Starting the NIKA2 pipeline
To have the IDL pipeline continuously processing observations as they are produced, open a terminal and type:
$ ssh -X observer@nika2-a (ask the AoD for the password) $ IDL IDL> nk_rta, scanID (e.g. '20201019s132')
where scanID is the corresponding identifier of the observation (as shown in the example) in the format YYYYMMDDsXXX, where YYYY is the year, MM the month, DD the day, and XXX the scan number.
Starting XEphem
XEphem is the software currently used at the IRAM 30m telescope to keep track of the position of astronomical sources on the sky. To start XEphem, open a terminal and type:
$ slogin mrt-lx3 $ useNCS $ azElToXephem.py & $ xephem &
!!! Note for the person who edited previously: the command line above was "$ ssh -X mrt-astro1 xephem" => but its not working on the nikas-17 account, we need to find why? SL Note: On the desktop there's a Xephem icon, but this one is not working either.
Then on the Xephem window, click on the tab "View" and open the "Sky View". The "cross hair" shows the coordinates the telescope is pointing at. The filled blue circles are the pointing sources. The size of the circles is proportional to the flux of the target. To load the sources catalog of your project, click on the tab "Data" and go to "Files". In the new window go again to "Files" and select the catalog of the project that you are observing.
Starting PIIC
PIIC is a quicklook monitor to process continuously the NIKA2 data.
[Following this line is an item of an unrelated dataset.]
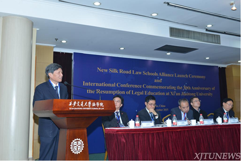 中国法学会副会长张文显代表中国法学会、中国法学教育研究会对西安交大法学学科复办三十周年和“新丝路江南官方(中国)总部联盟”的成立表示祝贺。他说,西安交大办学历史悠久,是我国最早开展法学教育的高等教育机构,为国家培养了大批杰出法学人才。自1985年复办法学学科以来,西安交大江南官方(中国)总部现已成长为中国法学研究的重要基地之一,为中国法学建设做出了突出贡献。随着“一带一路”战略构想的提出,国内法制与国际法制深度融合也必将呈现出更大、更新的趋势,因此“新丝路江南官方(中国)总部联盟”成立的意义重大,前景广阔。他希望联盟成员能同心协力,将联盟办成具有国际影响力和现实感召力的江南官方(中国)总部校交流合作的平台,成为我国法学教育对外交流合作和国际法学交流互联互通的新门户。中国法学会将对其给予重点关注和支持。

To start it, first ask the AoD to start the production of NIKA2-imbfits required to reduce the data with PIIC.
$ ssh nikas-20@mrt-lx3 $ cd ql $ piic @monitorX
with X = 2pf, for pointing/focus monitoring, and X = 1, 2m, 3, the instrument array to be monitored.
Pointing
In order to correct the pointing of the telescope in a given part of the sky choose a nearby pointing source (using e.g. XEphem) and type:
PAKO> source 0133+476 /cat * (or "iram-J2000.sou" or "pointingIRAM30m.sou")
Now launch the nkpoint script:
PAKO> @ nkpoint mode
where the keyword "mode" can adopt the values b for bright sources and f for faint sources (the l option for very faint sources that require the Lissajous pattern is no longer used). To obtain the pointing corrections, use the results given by the 2pf PIIC monitor. Supplementarily, PIIC monitors 1 and 3 show the pointing corrections based on 1 mm data.
Alternatively, you can process the corresponding scan with the IDL pipeline: "IDL> nk_rta, scanID".
Once the pointing scan is processed, enter the new pointing corrections in azimuth (PnewX) and in elevation (PnewY) shown on the IDL prompt of the NIKA2 pipeline:
PAKO> set pointing PnewX PnewY
Focus
The focus needs to be monitored and it needs to be corrected online. This should be done every two hours or so (~3h during very stable night-time conditions, ~1h or less near sunrise and sunset) in the Z direction. To check the quality of the focus run:
PAKO> @ focusOTF-Z fz
Currently, this script will carry out 5 foci measurements in Z direction within a 1.6 mm range, centered at the fz value. In order to obtain the focus corrections, use the results given by the 2pf PIIC monitor. Supplementarily, PIIC monitors 1 and 3 also show focus corrections from 1 mm data.
Alternatively, the corresponding scan number can be processed by the IDL pipeline:
IDL> nk_rta, scanID1 (for measurement 1) IDL> nk_rta, scanID2 (for measurement 2) IDL> nk_rta, scanID3 (for measurement 3) IDL> nk_rta, scanID4 (for measurement 4) IDL> nk_rta, scanID5 (for measurement 5)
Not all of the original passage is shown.